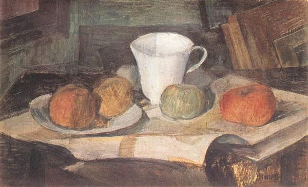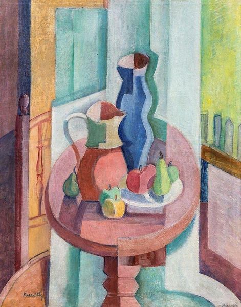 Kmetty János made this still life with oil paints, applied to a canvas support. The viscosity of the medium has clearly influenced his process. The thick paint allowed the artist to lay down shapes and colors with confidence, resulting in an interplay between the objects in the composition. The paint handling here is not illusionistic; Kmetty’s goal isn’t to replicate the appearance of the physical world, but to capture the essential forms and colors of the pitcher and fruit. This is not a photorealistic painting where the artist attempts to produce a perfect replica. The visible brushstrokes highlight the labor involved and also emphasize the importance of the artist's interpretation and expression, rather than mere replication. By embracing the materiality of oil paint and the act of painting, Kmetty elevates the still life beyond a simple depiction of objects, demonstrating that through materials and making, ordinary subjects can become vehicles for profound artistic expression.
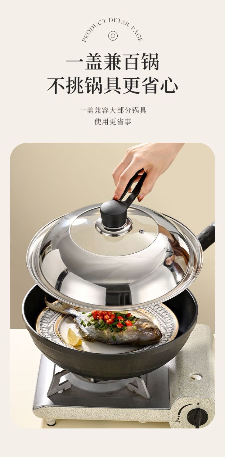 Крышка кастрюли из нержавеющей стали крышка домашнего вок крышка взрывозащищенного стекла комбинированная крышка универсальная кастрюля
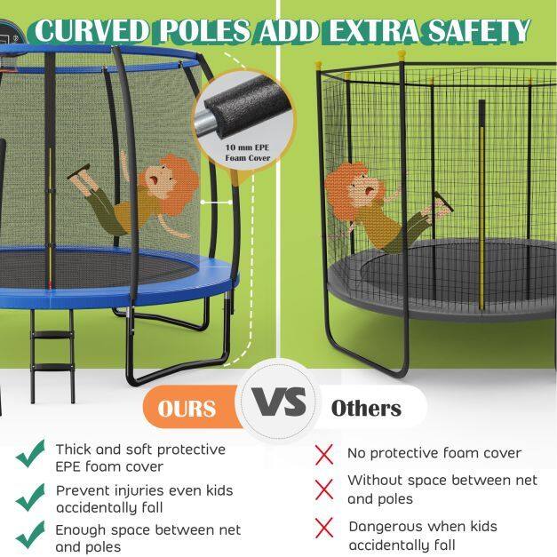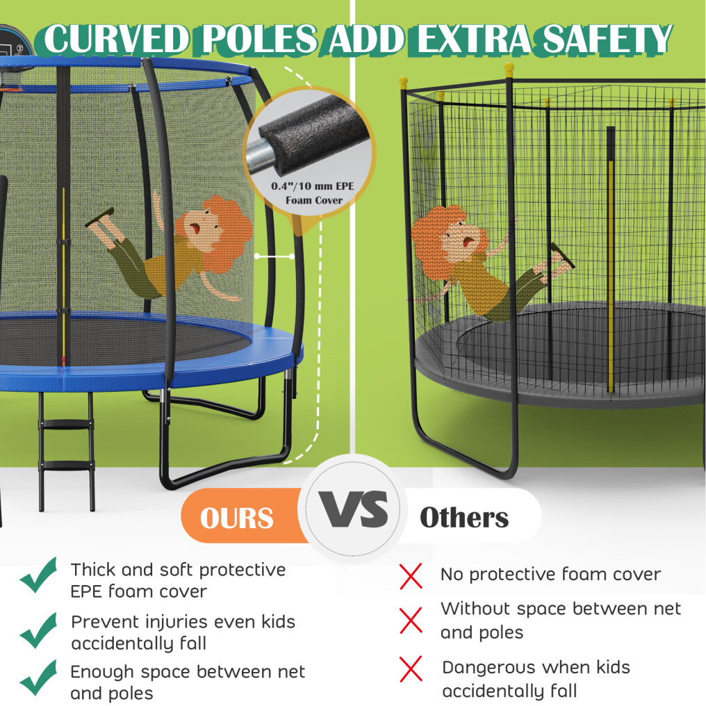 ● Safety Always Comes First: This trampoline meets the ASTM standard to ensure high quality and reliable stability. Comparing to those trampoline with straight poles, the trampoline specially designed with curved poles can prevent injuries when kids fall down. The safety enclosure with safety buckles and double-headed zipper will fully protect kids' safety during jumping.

——————

How to complete this task:
Retype all of the material above exactly; the pictures stay out.

Exercise solution:
 Kmetty János made this still life with oil paints, applied to a canvas support. The viscosity of the medium has clearly influenced his process. The thick paint allowed the artist to lay down shapes and colors with confidence, resulting in an interplay between the objects in the composition. The paint handling here is not illusionistic; Kmetty’s goal isn’t to replicate the appearance of the physical world, but to capture the essential forms and colors of the pitcher and fruit. This is not a photorealistic painting where the artist attempts to produce a perfect replica. The visible brushstrokes highlight the labor involved and also emphasize the importance of the artist's interpretation and expression, rather than mere replication. By embracing the materiality of oil paint and the act of painting, Kmetty elevates the still life beyond a simple depiction of objects, demonstrating that through materials and making, ordinary subjects can become vehicles for profound artistic expression.
 Крышка кастрюли из нержавеющей стали крышка домашнего вок крышка взрывозащищенного стекла комбинированная крышка универсальная кастрюля
 ● Safety Always Comes First: This trampoline meets the ASTM standard to ensure high quality and reliable stability. Comparing to those trampoline with straight poles, the trampoline specially designed with curved poles can prevent injuries when kids fall down. The safety enclosure with safety buckles and double-headed zipper will fully protect kids' safety during jumping.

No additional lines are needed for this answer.